Przed chwilą dokonałam ważnego wyboru, mianowicie wybrałam temat na maturę ustną zpolskiego. "Miłość tragiczna w literaturze i filmie"
Z literaturą nie mam większego kłopotu, bo mało czytam ale z filmami jest kataklizm. Jestem typowym przykładem kinomanki i już tyle filmów obejrzałam w swoim życiu, że nic konkretnego nie przychodzi mi do głowy.
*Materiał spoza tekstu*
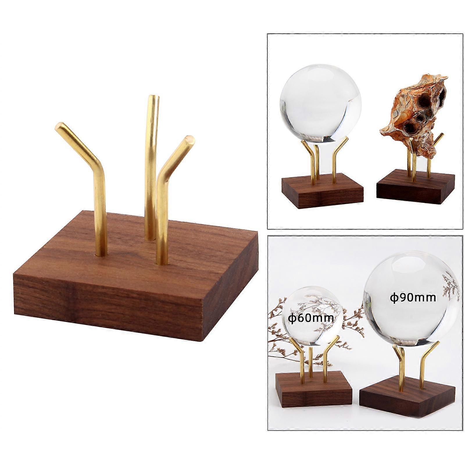 Wood Display Stand Brass Arm Pedestal Square Base Sphere Holder Collectibles Marbles Gems Base for Minerals Crystals Rocks Fossils Decors

Kobity pomóżcie :!: Do każdego pościka dodajcie choć po dwa tytuły filmów o miłości, najlepiej tragicznej, na których duuużo płakałyście, niekoniecznie ze szczęśliwym zakończeniem i nie musi to być koniecznie miłość do drugiego człowieka.
Dzięki z góry serdeczne :P
-
nie doszła profesor :arrow: polonista wita heheheheh wrazie pytan słuze pomocą..
Biedactwo kuruj sie tam ostro pamietaj o goracej herbatce ona wypedza najgorsze dranstwo z organizmu.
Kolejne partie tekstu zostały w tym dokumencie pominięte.